__What you are asked to do__. Omitting the pictures, print every line below exactly as it stands.

__Supplied information__.
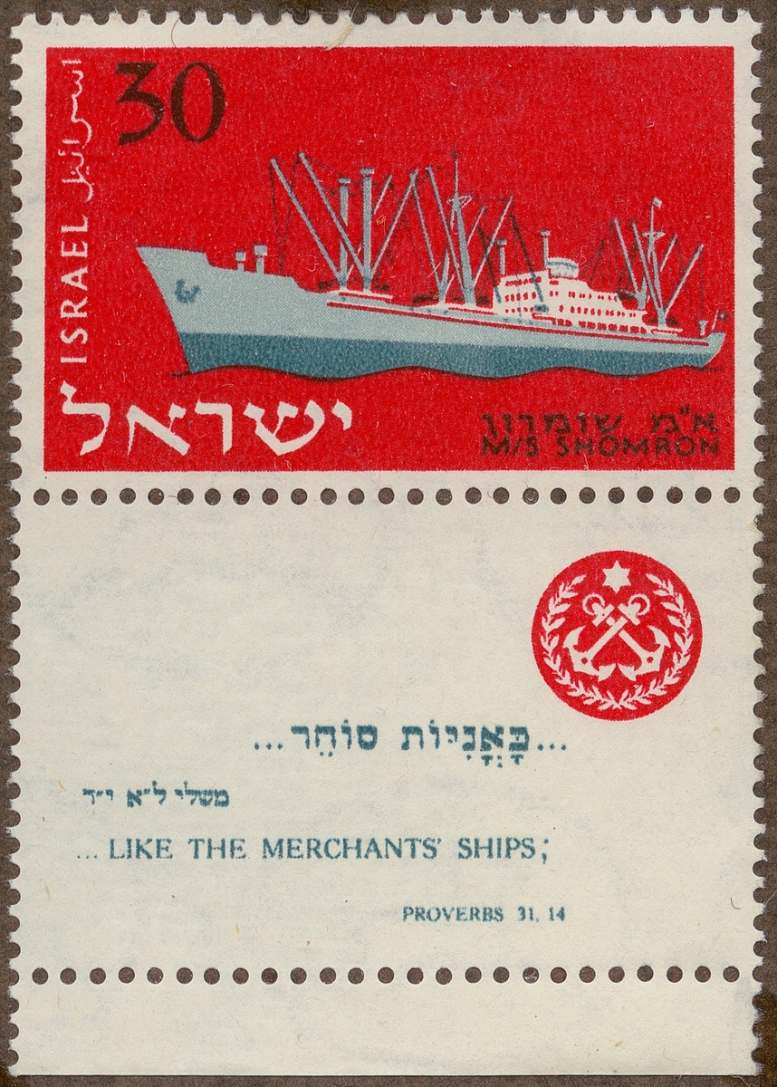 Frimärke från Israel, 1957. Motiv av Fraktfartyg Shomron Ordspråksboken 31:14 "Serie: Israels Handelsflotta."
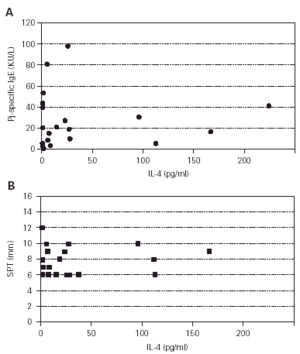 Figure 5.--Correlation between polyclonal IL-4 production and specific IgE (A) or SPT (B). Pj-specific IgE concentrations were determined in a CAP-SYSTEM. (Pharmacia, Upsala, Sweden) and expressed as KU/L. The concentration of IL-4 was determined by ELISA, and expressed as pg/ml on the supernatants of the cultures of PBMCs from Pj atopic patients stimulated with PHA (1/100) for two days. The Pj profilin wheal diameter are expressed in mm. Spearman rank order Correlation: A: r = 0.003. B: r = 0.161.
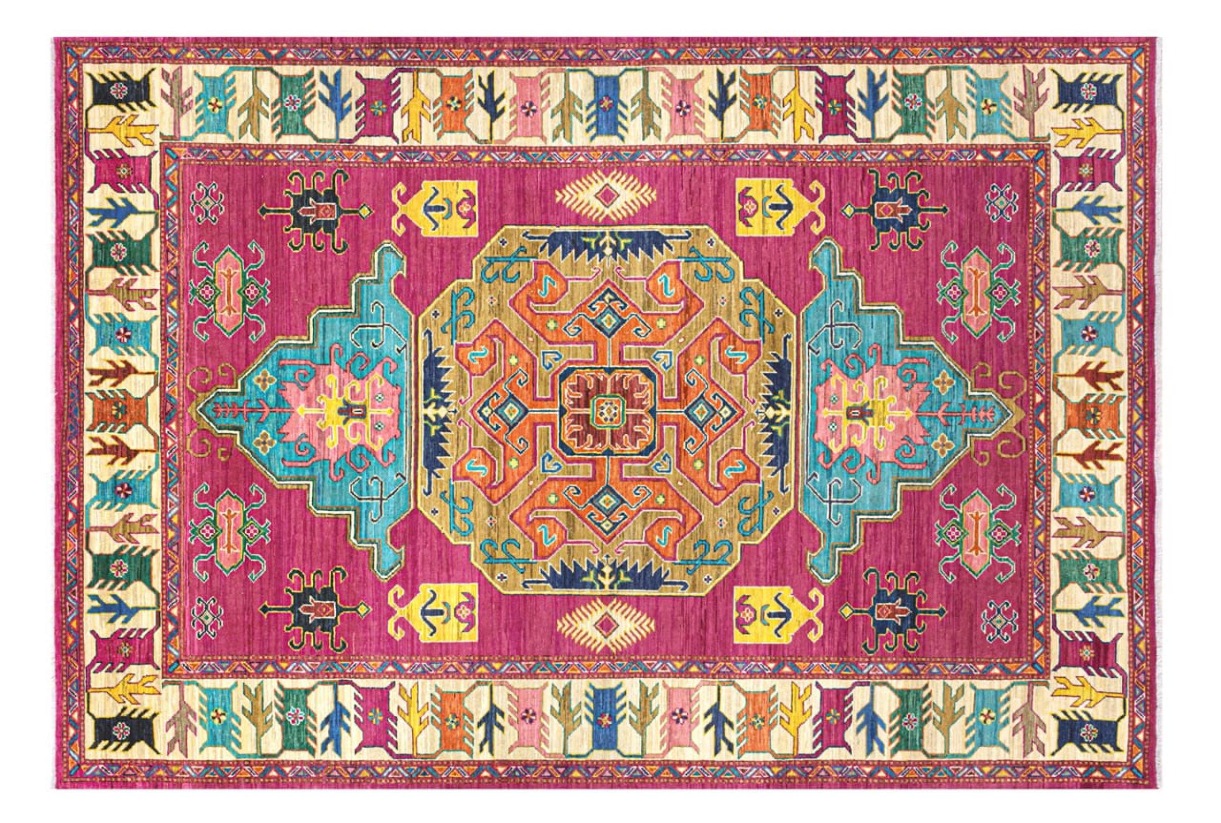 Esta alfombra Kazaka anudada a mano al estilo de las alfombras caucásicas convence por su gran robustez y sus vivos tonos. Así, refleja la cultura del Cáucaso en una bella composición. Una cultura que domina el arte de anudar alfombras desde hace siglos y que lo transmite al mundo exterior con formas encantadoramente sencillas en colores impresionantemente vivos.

__Task response__.
 Frimärke från Israel, 1957. Motiv av Fraktfartyg Shomron Ordspråksboken 31:14 "Serie: Israels Handelsflotta."
 Figure 5.--Correlation between polyclonal IL-4 production and specific IgE (A) or SPT (B). Pj-specific IgE concentrations were determined in a CAP-SYSTEM. (Pharmacia, Upsala, Sweden) and expressed as KU/L. The concentration of IL-4 was determined by ELISA, and expressed as pg/ml on the supernatants of the cultures of PBMCs from Pj atopic patients stimulated with PHA (1/100) for two days. The Pj profilin wheal diameter are expressed in mm. Spearman rank order Correlation: A: r = 0.003. B: r = 0.161.
 Esta alfombra Kazaka anudada a mano al estilo de las alfombras caucásicas convence por su gran robustez y sus vivos tonos. Así, refleja la cultura del Cáucaso en una bella composición. Una cultura que domina el arte de anudar alfombras desde hace siglos y que lo transmite al mundo exterior con formas encantadoramente sencillas en colores impresionantemente vivos.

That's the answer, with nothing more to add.